At Microsoft, we continuously improve products by developing new features for them. To facilitate data-driven decision-making in software development, product teams across Microsoft run tens of thousands of A/B tests each year. While the primary purpose of A/B testing is to rigorously evaluate customer satisfaction with new features and experiences, it also helps uncover anomalies, bugs, performance degradation, and user dissatisfaction. To catch these issues early, we rely on alerts. Alerts are proactive notifications to experimenters when something unexpected has occurred in an A/B test. For example, Bing runs several A/B tests every year, which raises hundreds of alerts (ref. Fig 1). These alerts have helped identify and rectify significant issues.
In this blog post, we highlight the importance of timely and trustworthy alerts, illustrate the alerting methodologies, and summarize the typical alerting mechanisms and workflows on our experimentation platform.
Why are alerts important?
In 2020, one of the product features had a minor bug wherein a subset of users got mistakenly assigned the duplicate Device IDs (randomization unit for A/B tests). The bug got resolved, and these users were then assigned new (and different) IDs.
A few days later, one of the A/B tests running on the product resulted in a Sample Ratio Mismatch (SRM) alert between treatment and control [1]. The team investigated and discovered that the treatment variant contained a larger-than-expected number of users because it erroneously read the old corrupt Device IDs. On the other hand, the control variant correctly read the new correct Device Ids and included the expected number of users. This resulted in a mismatch in user (device) count between the treatment and control variants. The SRM alert helped the experimenters identify issues with the set-up of an A/B test and the usage of corrupt Ids promptly, fix these issues, and restart the test quickly.
As indicated above, alerts help experimenters ensure their A/B tests’ success by timely detecting egregious changes that may have occurred in the feature that is being tested. At Microsoft, alerts fired during A/B tests constantly help experimenters catch issues before negatively impacting user experience or user satisfaction. Issues ranging from incorrect ‘no-result’ search queries to software crashes in productivity tools and other failures get timely attention and notification.
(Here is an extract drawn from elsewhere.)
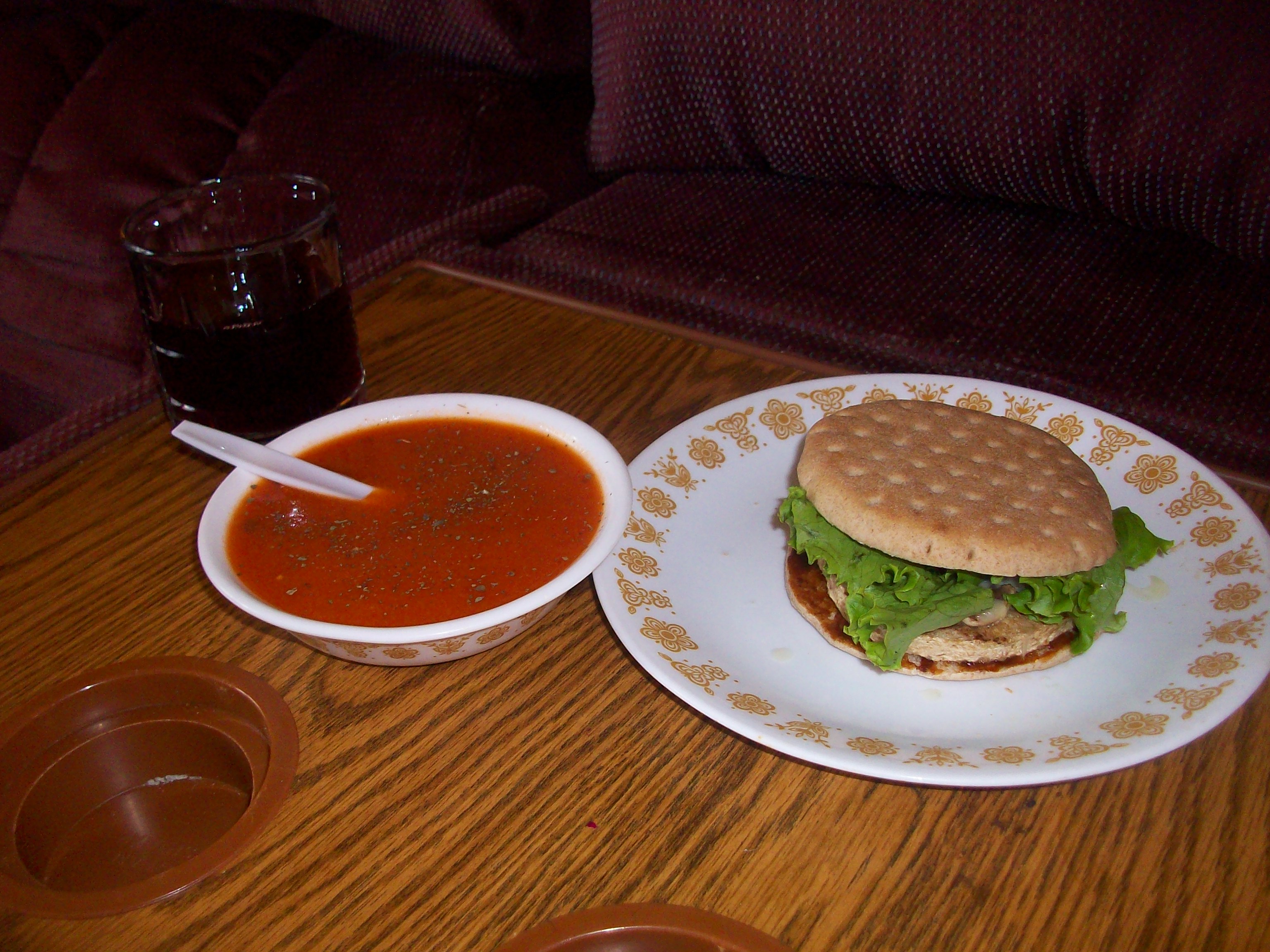 I added some lettuce, tomato, bread (of course!), and bbq sauce (YUM) and called it a lunch. + Tomato soup with basil and grape juice!

In the information technology industry, similar practices are adopted by other companies as well. For example, Criteo has an automated system to raise alerts on key metrics such as clicks and click revenues [2] and Walmart Lab ran anomaly detection and alerting on a number of visitors [3].
In the next section, we will share the main alert types at Microsoft ExP and present the alerting workflow in our system.
What are the main alerts used by Microsoft ExP?
Sample Ratio Mismatch (SRM)
SRM is an important issue in A/B testing [4] (read more here) and therefore, we incorporate it in our alerting system. Before each experiment, we configure the ratio of counts of randomization units (e.g., users, devices) between treatment and control groups, typically 1:1 split. During the experiment, we compute the actual sample ratio and the corresponding p-value using the chi-squared test. An alert gets fired whenever the observed ratio has a statistically significant deviation from the configured value.
Metric Out of Range
Roughly speaking, the metric-out-of-range alert fires when a metric (e.g., click-through rate) is observed to be radically different in magnitude in treatment versus control, with a low-enough p-value to be statistically significant [5]. To define this alert, we slightly modify the classic equivalence test procedure so that the null hypothesis is that the metric movement is within a pre-specified range (e.g., between ±1%) and the alternative is that the movement is out of range. In other words, we examine if the metric movement is within equivalence bounds (i.e., “allowed” metric movement range) \(\begin{equation}\left[b_{A L}, b_{A U}\right]\end{equation}\), and the corresponding null and alternative hypotheses are:
\(\begin{equation}H_{1}: \mu_{T}-\mu_{C} \lt b_{A L} \quad \text{or} \quad \mu_{T}-\mu_{C} \gt b_{A U}\end{equation} \)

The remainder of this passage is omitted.